• Exercise objective:
Take the data below and extract the lines from the one with "이번 세미나의 주요 내용은" to the one with "Ensemble de table", inclusive, exactly as written.
------ Exercise input
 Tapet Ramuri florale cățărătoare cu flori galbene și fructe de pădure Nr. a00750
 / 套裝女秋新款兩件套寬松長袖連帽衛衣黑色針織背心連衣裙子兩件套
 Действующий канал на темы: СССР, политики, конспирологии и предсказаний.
------------
------ Exercise input
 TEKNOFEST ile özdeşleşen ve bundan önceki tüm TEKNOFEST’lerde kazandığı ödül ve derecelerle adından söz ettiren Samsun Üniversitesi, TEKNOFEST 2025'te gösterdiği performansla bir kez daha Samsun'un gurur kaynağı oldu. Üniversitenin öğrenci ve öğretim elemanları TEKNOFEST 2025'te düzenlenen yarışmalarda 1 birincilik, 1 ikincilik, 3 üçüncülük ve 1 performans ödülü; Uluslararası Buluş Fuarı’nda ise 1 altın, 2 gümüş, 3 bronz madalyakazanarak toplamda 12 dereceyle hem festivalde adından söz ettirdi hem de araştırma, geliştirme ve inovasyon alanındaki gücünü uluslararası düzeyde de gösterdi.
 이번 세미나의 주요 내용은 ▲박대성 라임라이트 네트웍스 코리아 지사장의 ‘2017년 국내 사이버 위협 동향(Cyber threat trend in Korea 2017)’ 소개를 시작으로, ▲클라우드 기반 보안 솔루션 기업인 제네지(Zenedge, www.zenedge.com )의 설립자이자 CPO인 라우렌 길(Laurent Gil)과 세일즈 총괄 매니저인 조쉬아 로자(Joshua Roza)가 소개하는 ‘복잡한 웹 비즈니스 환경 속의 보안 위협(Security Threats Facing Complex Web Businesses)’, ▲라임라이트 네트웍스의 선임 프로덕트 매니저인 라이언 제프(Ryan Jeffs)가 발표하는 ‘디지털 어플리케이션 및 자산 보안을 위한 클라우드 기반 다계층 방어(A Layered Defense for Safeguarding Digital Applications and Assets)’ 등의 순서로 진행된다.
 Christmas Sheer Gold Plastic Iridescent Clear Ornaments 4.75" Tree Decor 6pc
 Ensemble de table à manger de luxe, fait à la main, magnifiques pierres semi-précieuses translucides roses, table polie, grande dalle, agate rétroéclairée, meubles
------------
• Exercise answer:
 이번 세미나의 주요 내용은 ▲박대성 라임라이트 네트웍스 코리아 지사장의 ‘2017년 국내 사이버 위협 동향(Cyber threat trend in Korea 2017)’ 소개를 시작으로, ▲클라우드 기반 보안 솔루션 기업인 제네지(Zenedge, www.zenedge.com )의 설립자이자 CPO인 라우렌 길(Laurent Gil)과 세일즈 총괄 매니저인 조쉬아 로자(Joshua Roza)가 소개하는 ‘복잡한 웹 비즈니스 환경 속의 보안 위협(Security Threats Facing Complex Web Businesses)’, ▲라임라이트 네트웍스의 선임 프로덕트 매니저인 라이언 제프(Ryan Jeffs)가 발표하는 ‘디지털 어플리케이션 및 자산 보안을 위한 클라우드 기반 다계층 방어(A Layered Defense for Safeguarding Digital Applications and Assets)’ 등의 순서로 진행된다.
 Christmas Sheer Gold Plastic Iridescent Clear Ornaments 4.75" Tree Decor 6pc
 Ensemble de table à manger de luxe, fait à la main, magnifiques pierres semi-précieuses translucides roses, table polie, grande dalle, agate rétroéclairée, meubles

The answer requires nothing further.